### [PROBLEM REQUIREMENTS]
Without any pictures, print exactly the lines that run from the start of the data through the line containing "物流公司副总经理谢胜良组织油".

(Items from a dataset)
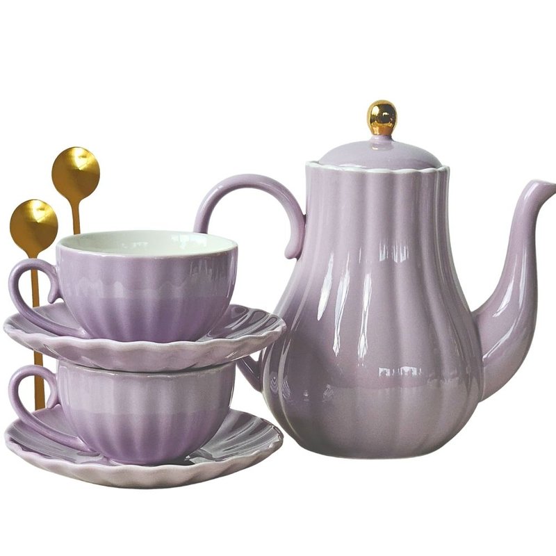 A Set will consist of 1 Teapot + 2 Saucers + 2 Cups + 2 Stainless Steel Teaspoons
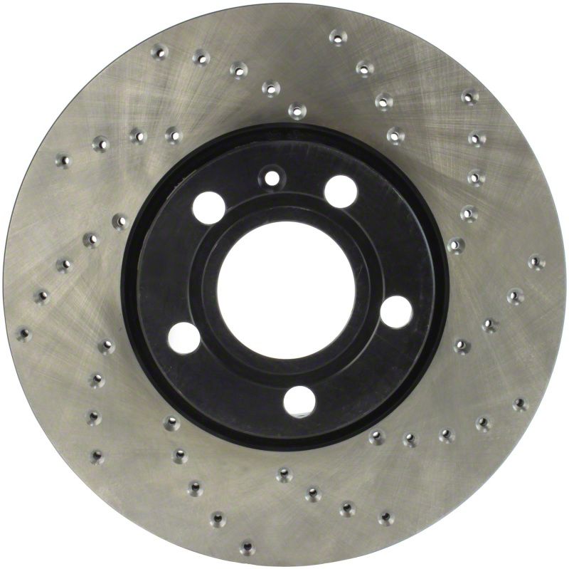 StopTech Drilled Sport Rotors are 1-piece direct replacement brake discs for factory brake systems and stock calipers that look great behind your wheels – and offer significantly improved braking performance. The unique cross-drilling aids with heat and brake dust dispersal, prevents glazing of the pads, adds bite and improves wet and dry braking performance. Built to last, the black e-coating provides protection from corrosion and the high carbon metallurgy (in most applications) offers quieter operation, better crack resistance and increased performance.
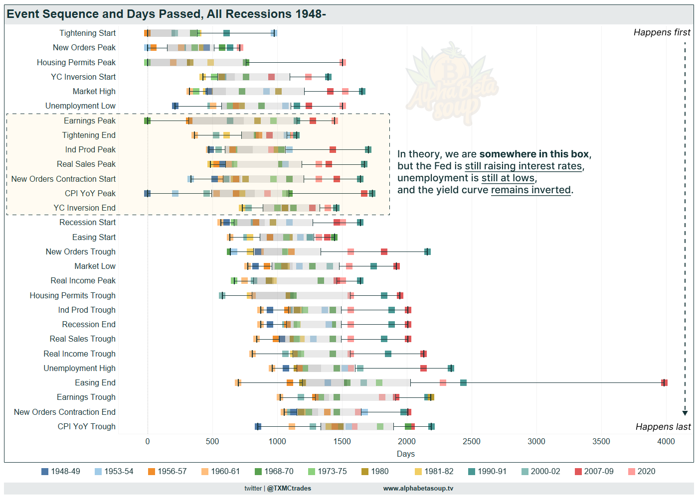 Большая и сложная инфографика: сколько длились какие события во время рецессий с 1948 года.
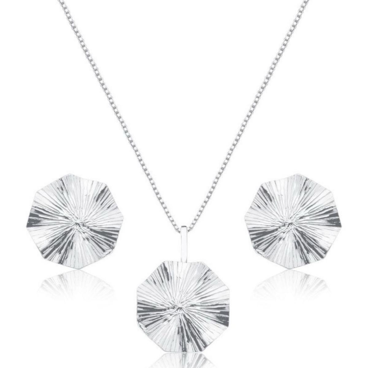 Conjunto em Prata 925 legítima, composto por colar e par de brincos com design redondo orgânico, trazendo formas suaves e irregulares que remetem à fluidez da natureza. O acabamento liso e polido garante brilho sofisticado, enquanto o estilo minimalista e moderno proporciona versatilidade para combinar com diferentes looks, do casual ao elegante.
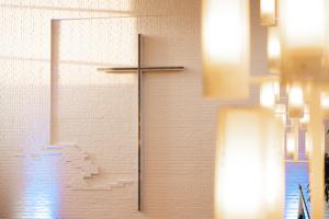 Kirkkoon tulijaa tervehtivät eteisessä sanat ”Palvelkaa Herraa ilolla, tulkaa hänen kasvojensa eteen riemulla” (Ps. 100:3). Kirkon alttariseinän tiilireliefi symboloi Golgatan kalliolla seisovaa ristiä ja tyhjää hautaa sen juurella. Alttariseinällä on myös kolme ikonia, jotka kuvaavat Jeesuksen syntymää, kuolemaa ja ylösnousemusta. Alttarilla on lahjoituksia ystävyysseurakunnilta, alttariliina unkarilaisesta Csepelin seurakunnasta ja ehtoollisleipälautanen romanialaisesta Bácsfalun seurakunnasta.
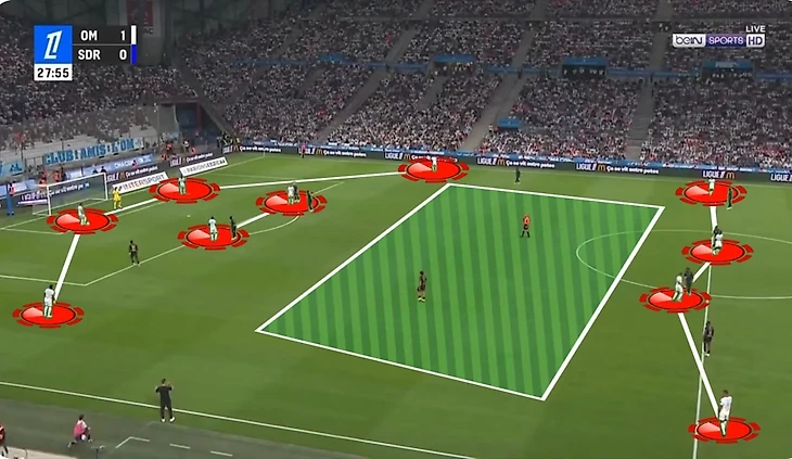 Если защитник не успеет и нападающий сможет развернуться или отдать точную передачу в касание – «Марсель» получает численное равенство или перевес в атаке и в большинстве случаев доводит ситуацию до голевого момента.
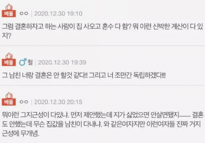 그렇게 6개월동안 동거를 하고 있는 와중에 남자친구가 “이 집에 대한 돈은 내가 다 내잖아”라고 말하자 A씨는 “당연히 오빠가 내야지. 오빠가 같이 살자고 했잖아”라고 반문했다.
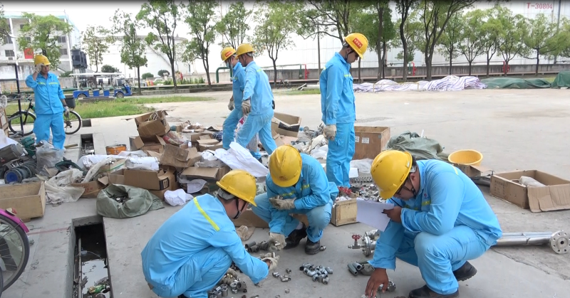 物流公司副总经理谢胜良组织油库当班员工更换库区消防水池根部阀门,确保消防设施完好。
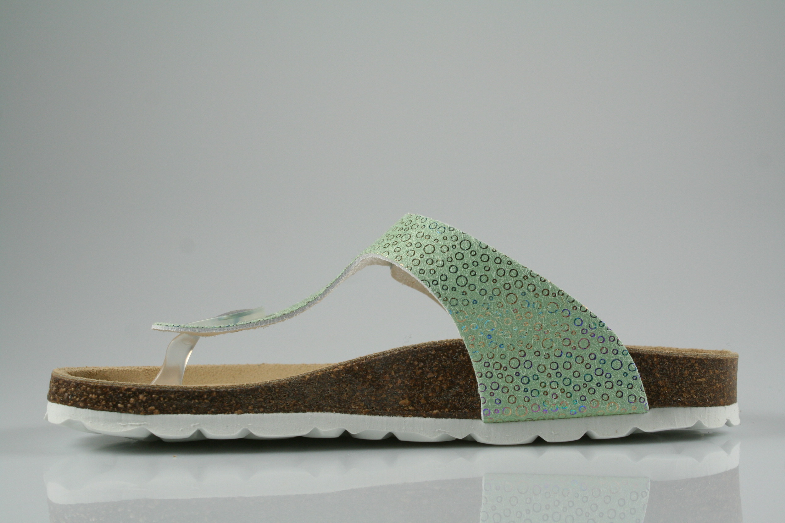 Typ: Pantolette; Farbe "mint"; Ausstattung:; - Obermaterial: Textil; - weiches Fußbett; - leichte Laufsohle; - Riemchen zur Weitenregulierung

### [RESULT]
 A Set will consist of 1 Teapot + 2 Saucers + 2 Cups + 2 Stainless Steel Teaspoons
 StopTech Drilled Sport Rotors are 1-piece direct replacement brake discs for factory brake systems and stock calipers that look great behind your wheels – and offer significantly improved braking performance. The unique cross-drilling aids with heat and brake dust dispersal, prevents glazing of the pads, adds bite and improves wet and dry braking performance. Built to last, the black e-coating provides protection from corrosion and the high carbon metallurgy (in most applications) offers quieter operation, better crack resistance and increased performance.
 Большая и сложная инфографика: сколько длились какие события во время рецессий с 1948 года.
 Conjunto em Prata 925 legítima, composto por colar e par de brincos com design redondo orgânico, trazendo formas suaves e irregulares que remetem à fluidez da natureza. O acabamento liso e polido garante brilho sofisticado, enquanto o estilo minimalista e moderno proporciona versatilidade para combinar com diferentes looks, do casual ao elegante.
 Kirkkoon tulijaa tervehtivät eteisessä sanat ”Palvelkaa Herraa ilolla, tulkaa hänen kasvojensa eteen riemulla” (Ps. 100:3). Kirkon alttariseinän tiilireliefi symboloi Golgatan kalliolla seisovaa ristiä ja tyhjää hautaa sen juurella. Alttariseinällä on myös kolme ikonia, jotka kuvaavat Jeesuksen syntymää, kuolemaa ja ylösnousemusta. Alttarilla on lahjoituksia ystävyysseurakunnilta, alttariliina unkarilaisesta Csepelin seurakunnasta ja ehtoollisleipälautanen romanialaisesta Bácsfalun seurakunnasta.
 Если защитник не успеет и нападающий сможет развернуться или отдать точную передачу в касание – «Марсель» получает численное равенство или перевес в атаке и в большинстве случаев доводит ситуацию до голевого момента.
 그렇게 6개월동안 동거를 하고 있는 와중에 남자친구가 “이 집에 대한 돈은 내가 다 내잖아”라고 말하자 A씨는 “당연히 오빠가 내야지. 오빠가 같이 살자고 했잖아”라고 반문했다.
 物流公司副总经理谢胜良组织油库当班员工更换库区消防水池根部阀门,确保消防设施完好。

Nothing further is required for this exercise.